The layers of Digital Twins (RSSB)

The components of a Digital Twin

Essentially, a digital twin is a dynamic digital profile of an object, system or process. Figure 1 is a diagram of a basic digital twin in context. It shows how sensors located on physical assets in the real-world measure behaviour and thus generate data are linked via communications infrastructure to the twin’s software. The software manipulates the data it receives into an up-to-date virtual model, ie a real-time representation of the monitored object (or process). A record of historical behaviour is formed by historical status profile and the designed capability, this is sometimes termed a digital through-life thread. Additionally, there may be a feedback link from the digital twin back to its physical counterpart via the control actions that can be implemented, as either a manual or an automated process.
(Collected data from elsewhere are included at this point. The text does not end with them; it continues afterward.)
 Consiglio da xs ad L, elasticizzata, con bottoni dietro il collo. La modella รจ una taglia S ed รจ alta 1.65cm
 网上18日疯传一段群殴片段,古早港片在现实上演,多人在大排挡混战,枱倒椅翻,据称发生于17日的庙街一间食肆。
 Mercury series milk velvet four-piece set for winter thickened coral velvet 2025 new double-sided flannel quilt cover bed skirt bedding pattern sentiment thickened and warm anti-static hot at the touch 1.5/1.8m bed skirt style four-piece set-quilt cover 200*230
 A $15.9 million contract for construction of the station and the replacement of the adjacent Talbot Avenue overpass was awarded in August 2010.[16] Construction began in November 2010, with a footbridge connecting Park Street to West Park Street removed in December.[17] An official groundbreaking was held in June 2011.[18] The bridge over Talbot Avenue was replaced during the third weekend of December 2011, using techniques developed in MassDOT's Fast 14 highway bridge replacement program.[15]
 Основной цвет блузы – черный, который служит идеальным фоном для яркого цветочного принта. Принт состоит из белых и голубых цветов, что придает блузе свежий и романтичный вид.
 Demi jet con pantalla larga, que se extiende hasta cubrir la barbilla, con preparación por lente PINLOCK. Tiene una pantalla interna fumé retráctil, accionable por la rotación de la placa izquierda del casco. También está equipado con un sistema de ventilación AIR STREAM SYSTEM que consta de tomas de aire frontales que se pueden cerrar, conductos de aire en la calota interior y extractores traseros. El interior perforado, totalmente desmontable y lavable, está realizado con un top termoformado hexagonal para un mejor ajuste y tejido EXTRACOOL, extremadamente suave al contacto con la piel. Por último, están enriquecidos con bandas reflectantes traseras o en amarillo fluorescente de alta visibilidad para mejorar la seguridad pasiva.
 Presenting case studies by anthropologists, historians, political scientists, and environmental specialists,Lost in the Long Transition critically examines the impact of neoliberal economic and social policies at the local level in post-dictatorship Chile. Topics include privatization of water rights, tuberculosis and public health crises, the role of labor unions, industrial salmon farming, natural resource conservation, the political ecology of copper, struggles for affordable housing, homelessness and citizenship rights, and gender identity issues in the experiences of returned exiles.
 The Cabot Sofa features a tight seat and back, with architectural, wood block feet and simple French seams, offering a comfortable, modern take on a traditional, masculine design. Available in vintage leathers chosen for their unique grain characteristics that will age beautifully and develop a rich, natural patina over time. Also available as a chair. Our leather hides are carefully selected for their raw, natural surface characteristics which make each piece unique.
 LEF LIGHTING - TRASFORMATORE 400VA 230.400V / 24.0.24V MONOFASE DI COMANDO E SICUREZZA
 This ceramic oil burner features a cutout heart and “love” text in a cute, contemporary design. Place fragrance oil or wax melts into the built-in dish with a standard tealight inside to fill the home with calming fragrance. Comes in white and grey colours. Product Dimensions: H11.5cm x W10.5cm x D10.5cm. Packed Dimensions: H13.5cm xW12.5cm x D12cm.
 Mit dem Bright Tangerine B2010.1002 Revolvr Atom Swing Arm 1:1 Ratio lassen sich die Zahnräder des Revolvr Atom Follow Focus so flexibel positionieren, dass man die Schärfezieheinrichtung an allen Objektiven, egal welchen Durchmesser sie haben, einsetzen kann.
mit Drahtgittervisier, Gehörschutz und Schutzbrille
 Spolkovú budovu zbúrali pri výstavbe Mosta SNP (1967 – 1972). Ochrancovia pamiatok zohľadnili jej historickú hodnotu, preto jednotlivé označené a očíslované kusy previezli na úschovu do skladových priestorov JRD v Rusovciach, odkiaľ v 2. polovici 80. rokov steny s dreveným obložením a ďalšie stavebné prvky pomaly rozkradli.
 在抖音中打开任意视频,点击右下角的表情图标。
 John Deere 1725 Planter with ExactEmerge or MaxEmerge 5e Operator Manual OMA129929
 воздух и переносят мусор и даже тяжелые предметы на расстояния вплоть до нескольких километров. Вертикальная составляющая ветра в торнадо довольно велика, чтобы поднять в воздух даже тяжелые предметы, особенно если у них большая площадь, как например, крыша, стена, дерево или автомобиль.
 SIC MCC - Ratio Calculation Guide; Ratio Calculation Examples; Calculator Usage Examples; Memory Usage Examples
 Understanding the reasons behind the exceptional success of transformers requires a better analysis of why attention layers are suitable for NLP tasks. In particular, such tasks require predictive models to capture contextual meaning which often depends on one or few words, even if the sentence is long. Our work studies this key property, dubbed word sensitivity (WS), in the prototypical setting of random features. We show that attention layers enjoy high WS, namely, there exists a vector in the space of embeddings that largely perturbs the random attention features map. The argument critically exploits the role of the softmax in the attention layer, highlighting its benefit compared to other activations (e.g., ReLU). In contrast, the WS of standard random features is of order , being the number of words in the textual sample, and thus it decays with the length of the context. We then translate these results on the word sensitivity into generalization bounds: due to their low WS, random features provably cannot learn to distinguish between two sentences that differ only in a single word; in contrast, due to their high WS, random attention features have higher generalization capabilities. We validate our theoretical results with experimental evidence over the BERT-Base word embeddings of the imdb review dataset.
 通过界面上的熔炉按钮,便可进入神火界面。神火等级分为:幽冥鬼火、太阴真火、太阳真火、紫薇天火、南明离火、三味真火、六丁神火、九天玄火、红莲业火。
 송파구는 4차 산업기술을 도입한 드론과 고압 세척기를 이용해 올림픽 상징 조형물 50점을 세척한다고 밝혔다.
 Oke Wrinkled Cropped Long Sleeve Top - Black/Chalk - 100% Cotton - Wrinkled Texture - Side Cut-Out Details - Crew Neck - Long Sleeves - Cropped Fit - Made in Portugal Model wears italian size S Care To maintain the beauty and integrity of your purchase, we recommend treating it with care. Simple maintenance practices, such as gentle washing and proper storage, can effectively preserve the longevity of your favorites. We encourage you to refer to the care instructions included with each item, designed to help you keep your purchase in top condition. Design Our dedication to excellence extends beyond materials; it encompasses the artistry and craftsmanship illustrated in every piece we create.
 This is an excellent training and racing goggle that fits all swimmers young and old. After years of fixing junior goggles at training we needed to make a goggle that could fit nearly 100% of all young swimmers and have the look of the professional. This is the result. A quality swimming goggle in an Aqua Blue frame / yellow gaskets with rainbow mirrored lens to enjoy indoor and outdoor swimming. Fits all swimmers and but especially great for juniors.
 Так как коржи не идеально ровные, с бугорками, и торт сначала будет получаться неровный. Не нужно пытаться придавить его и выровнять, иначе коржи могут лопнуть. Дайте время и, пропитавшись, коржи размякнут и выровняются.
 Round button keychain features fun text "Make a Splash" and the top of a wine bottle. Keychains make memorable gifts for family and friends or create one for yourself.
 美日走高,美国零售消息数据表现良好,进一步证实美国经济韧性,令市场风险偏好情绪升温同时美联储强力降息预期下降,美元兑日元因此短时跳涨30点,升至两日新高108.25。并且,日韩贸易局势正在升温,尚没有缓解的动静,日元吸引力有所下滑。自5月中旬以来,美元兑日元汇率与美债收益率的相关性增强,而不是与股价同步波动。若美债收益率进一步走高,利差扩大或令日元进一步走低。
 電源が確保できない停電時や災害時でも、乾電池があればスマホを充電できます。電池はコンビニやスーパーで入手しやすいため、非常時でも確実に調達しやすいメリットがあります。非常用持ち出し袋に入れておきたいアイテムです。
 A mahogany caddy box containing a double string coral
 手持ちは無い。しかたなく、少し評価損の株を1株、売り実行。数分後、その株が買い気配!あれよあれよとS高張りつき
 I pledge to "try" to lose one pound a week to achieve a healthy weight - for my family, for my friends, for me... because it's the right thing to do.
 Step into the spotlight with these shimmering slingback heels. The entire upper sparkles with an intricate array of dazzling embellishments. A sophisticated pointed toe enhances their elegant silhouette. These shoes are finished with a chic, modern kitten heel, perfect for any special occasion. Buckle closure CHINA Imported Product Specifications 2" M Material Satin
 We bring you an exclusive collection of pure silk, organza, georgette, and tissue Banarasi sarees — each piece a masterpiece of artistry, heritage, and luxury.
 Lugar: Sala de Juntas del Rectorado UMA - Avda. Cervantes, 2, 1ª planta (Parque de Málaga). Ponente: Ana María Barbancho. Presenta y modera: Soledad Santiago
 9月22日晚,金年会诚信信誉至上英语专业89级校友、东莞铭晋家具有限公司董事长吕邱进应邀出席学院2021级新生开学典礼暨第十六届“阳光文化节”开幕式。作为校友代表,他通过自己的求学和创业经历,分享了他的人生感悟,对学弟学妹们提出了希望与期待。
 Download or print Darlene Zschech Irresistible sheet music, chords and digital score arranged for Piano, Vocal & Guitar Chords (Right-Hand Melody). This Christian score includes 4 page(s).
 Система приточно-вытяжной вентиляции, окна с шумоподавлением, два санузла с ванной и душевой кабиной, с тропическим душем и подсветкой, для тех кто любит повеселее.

A digital twin becomes powerful and valuable when it is used to make high-quality decisions resulting from the transformation of data into actionable insight. This is also known as feedback from the twin and it is made possible by using analysis and/or simulation models and techniques, which require human expertise to set up and monitor.

Where have twins been deployed before? 

NASA made the first use of a digital twin, in 2002, by remotely monitoring and controlling the status of its spacecrafts’. However, in the years immediately after, no further use of twins was put to action. More recently there has been an increase in this area with factories using twinning processes to streamline their operations in semiconductor, automotive and aerospace production.